Мишка Гнездин, принаряженный и углаженный в ниточку, появился под конец дня, в тот час, когда собираются к больным родня и разные желающие их навестить. Не укладывалась как-то его репутация с вниманием и нежностью к Наташе, к ее беде, да он, очевидно, и сам это понимал и потому, как ни пытал его Корней, не признался ни в каких дальних намерениях. «Надо же все-таки когда-то стать человеком, – объяснил он свое отношение к Наташе, оставшись с Корнеем наедине. – От меня не убудет. Силы у меня на двоих, а пропадет она зря, ни в грош! Я чем смогу помогу, и сам около милых, добрых людей пооботрусь!» Мишка передал от себя в гостинец пачку дорогих папирос, ароматных и кислых, которых Корней никогда не курил, после чего допоздна, пока его не турнули, забавлял Наташу шутками или ворковал, как голубь. «Экое счастье из ничего! – думал Корней, глядя на них из своей палаты. – Мишка становится че-ло-ве-ком!»

Через несколько дней Корнею разрешили вставать с постели, – рана на затылке, нанесенная не то деревянным бруском, не то граненым прутком железа, быстро заживала. Он стал выходить в общий коридор, где в перерывах между лечениями бродили больные, каждый со своей судьбой.

Корней выделил из них несколько человек, особенно примечательных и симпатичных ему каким-то изумительно светлым, взглядом на все окружающее и притягательной теплотой, чего ему всегда не хватало, что напрочь изгонялось из холодного двора Марфы Васильевны.

В той палате, где лежала Наташа Шерстнева, он подружился с Надей Чекалиной, девушкой-геологом, и навещавшим ее женихом Костей. Костя работал на строительстве прорабом участка, это он и написал тогда, после аврала, письмо в Косогорье, упрекая заводчан в нечестности. Наде лечили поврежденный позвоночник. В тайге, при переходе через увал, она упала с верховой лошади и оттуда, из глухомани, ее вывезли на вертолете.

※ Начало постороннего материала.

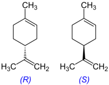 Le limonène est une molécule chirale, et, comme pour de nombreuses molécules chirales, les sources biologiques produisent un énantiomère spécifique. La principale source industrielle, l'orange, contient du d-limonène ((+)-limonène), qui est l'énantiomère R dextrogyre[9]. L'eucalyptus et la menthe poivrée, quant à eux, contiennent du l-limonène ((–)-limonène), qui est l'énantiomère S lévogyre[10],[11]. Le limonène racémique est connu en tant que « dipentène »[12].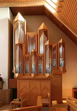 Die mechanische Orgel stammt aus dem Jahr 1984 und besitzt 18 Register auf zwei Manualen samt Pedal. Gebaut wurde sie von der Firma Mathis.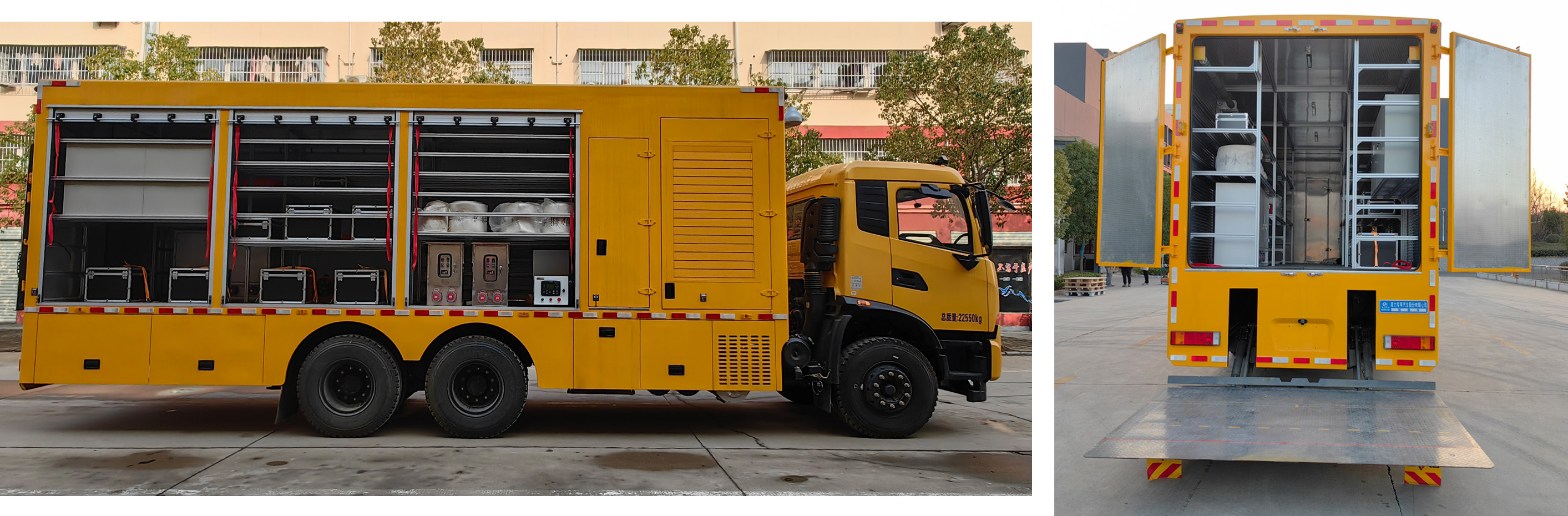 廂體頂部封閉,不可開啟;該車配備裝備架,主要用于運輸應急救援物品或裝備;該車側防護以及后部防護為裙邊結構,后部距地高度為(mm):495;尾板收起狀態(tài)的水平長度(mm):265,尾板質量為540kg;安裝有具有衛(wèi)星定位功能的行駛記錄儀,選裝ETC車載裝置;發(fā)動機/油耗值(L/100km)對應關系為:DDi75E300-60/32.5;ABS型號/生產廠家:3631010-C2000/東科克諾爾商用車制動系統(tǒng)(十堰)有限公司,J ABS/焦作博瑞克控制技術有限公司,升降照明燈行駛途中不能開啟,僅作業(yè)時使用。 |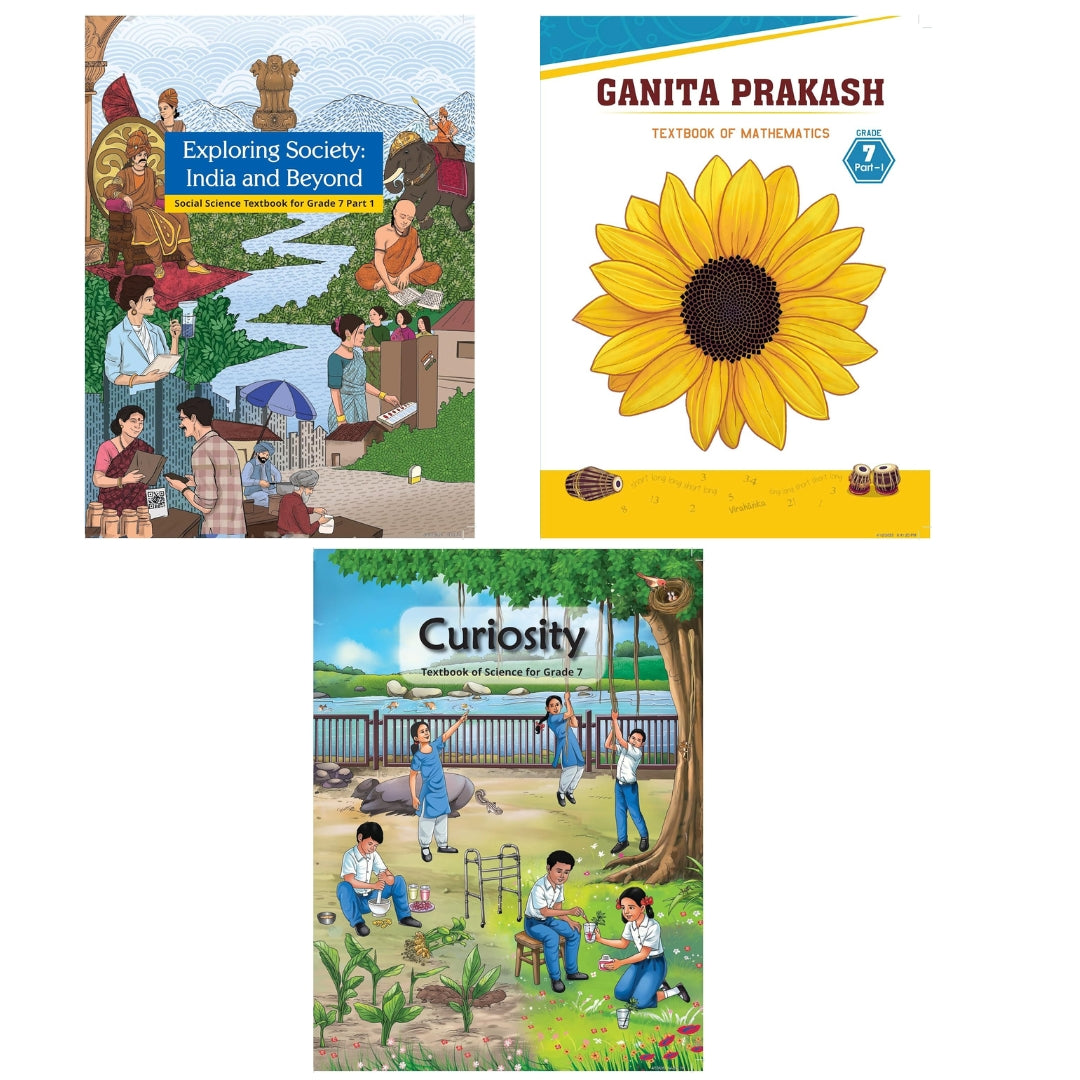 NCERT Ganita Prakash (Mathematics), Curiosity (Science) & Exploring Society (Social) Textbook for Class 7 - Set of 3 Books - Latest Edition

Костя носил очки в толстой неуклюжей оправе, щурился, стеснялся, услужливо исполнял поручения для всех, кто лежал в палате вместе с его невестой, принося из магазинов компоты, шоколадки, курево, а то и принадлежности женского туалета. И виделось в его простоте и преданности что-то до такой степени человеческое, чему научиться нельзя, если не возникнет оно и не разовьется в самой глубине души.

За год терпеливого лежания в гипсовом корыте Надя выцвела, но не выключалась из обыденного потока жизни. Костя каждый день приносил ей газеты, журналы, рассказывал о стройке, советовался. В ожидании, когда он придет, Надя рисовала. Ее рисунки в карандаше: лесные поляны, горные цепи, полевые избушки, походные костры с таганками, улицы деревень и городов, где она прошла своими ногами или проехала, – поражали Корнея ясностью, устремленностью и романтикой, хотя он честно признался Наде в незнании графики и вообще всяких художеств. На первом листе альбома, как бы объясняя рисунки, Надя вывела чертежным почерком:

«Посмотри, как все прекрасно вокруг! И как просто все это прекрасное!»

По закоулкам, между собой, больные шептались, будто шансов на полное выздоровление у нее совсем мало. Пророчили неподвижность. А никто, впрочем, ничего не знал. Как-то подобралась к ней из соседней палаты Трифоновна, помимо основной болезни страдающая всезнайством и старушечьим любопытством.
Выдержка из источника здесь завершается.